22nd January 2014
Ian Copelin, Investment Director, my wealth, comments “Data released today (22 January 2014) shows that UK unemployment has declined to 7.1%. This fall was more than economists were forecasting and puts it within spitting distance of the 7% threshold at which the Governor of the Bank of England, Mark Carney, said the Monetary Policy Committee (MPC) would consider raising interest rates. At the time Mark Carney introduced the UK to forward guidance in August last year, the BoE (and the market) wasn’t expecting 7% to be reached until 2016 (i.e. the BoE effectively stated that it did not anticipate raising rates until 2016).

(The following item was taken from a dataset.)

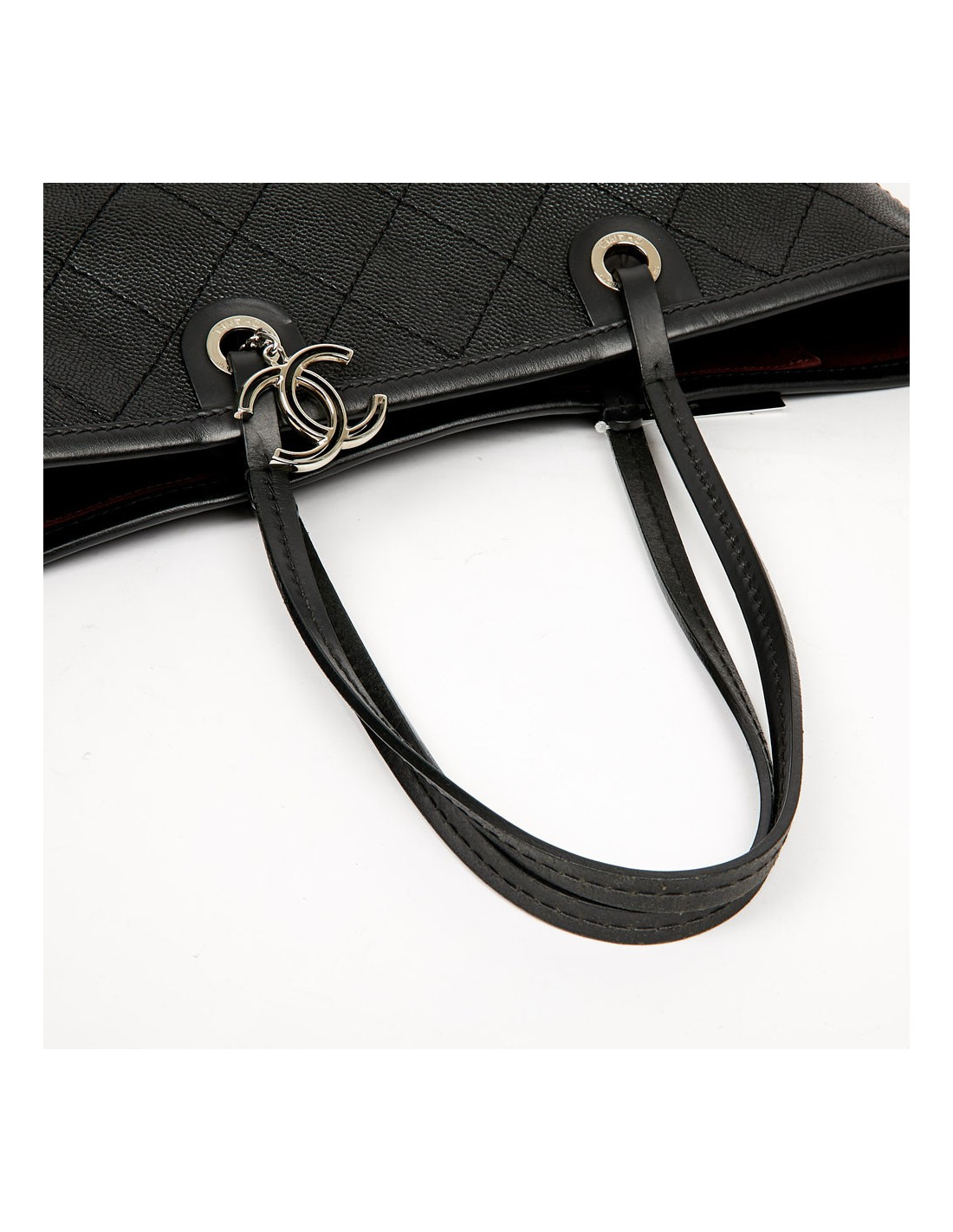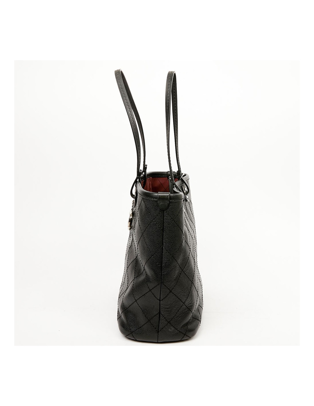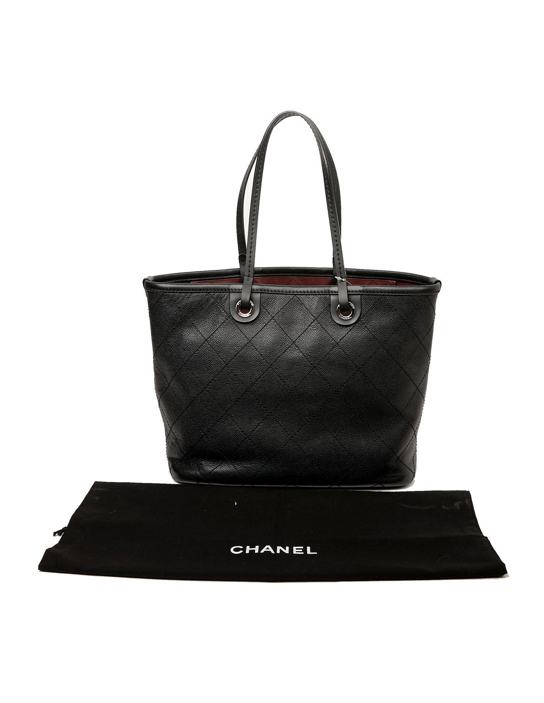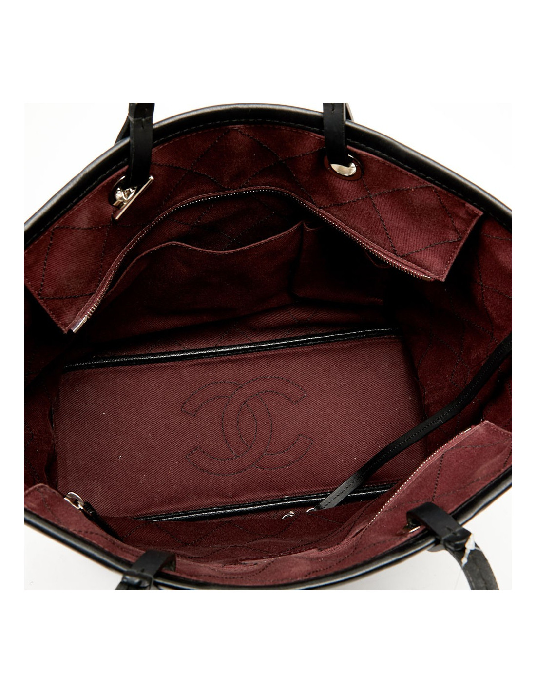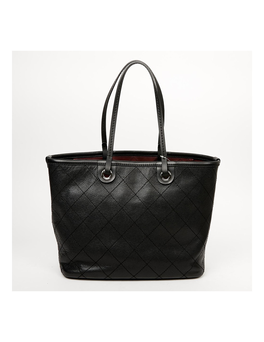 This large CHANEL bag is made of black grained calf leather. The topstitching gives a quilted effect to the bag. The finishes are in silver metal, the eyelets are marked "CHANEL 31 rue Cambon Paris". A charm CC is removable, you can place it wherever you want on your bag. The leather handles allow a shoulder carrying. It is lined with burgundy fabric, a large CC is embroidered at the bottom of the bag. To safely store your belongings you have a large zippered pocket on one side and two on the other side. Closing with a zipper. Under the bag, four metal protective bottom feet. The corners and handles are free of wear and tear. This bag is in perfect condition.

Separately today, the minutes of the last Bank of England MPC meeting on 8/9 January have been released. Whilst the BoE acknowledges that the UK economic recovery is strengthening and that the unemployment rate will reach 7% “materially earlier” than previously forecast, the MPC also states that it sees “no immediate need to raise bank rate even if the 7% unemployment threshold were to be reached in the near future”. This shouldn’t be a surprise as Mark Carney has always stressed that 7% is not necessarily the trigger for raising interest rates, but a staging post to assess the economy (i.e. only the commitment to keep rates at current levels falls away once unemployment falls below 7%).
Given the slack (or ‘output gap’ – please see our market update ‘Goldilocks and the Three Knockouts’) in the economy, coupled with the fact that inflation remains subdued and real incomes continue to be squeezed by stagnating wages, I see no reasons at present for the BoE to increase interest rates in either this year or next.”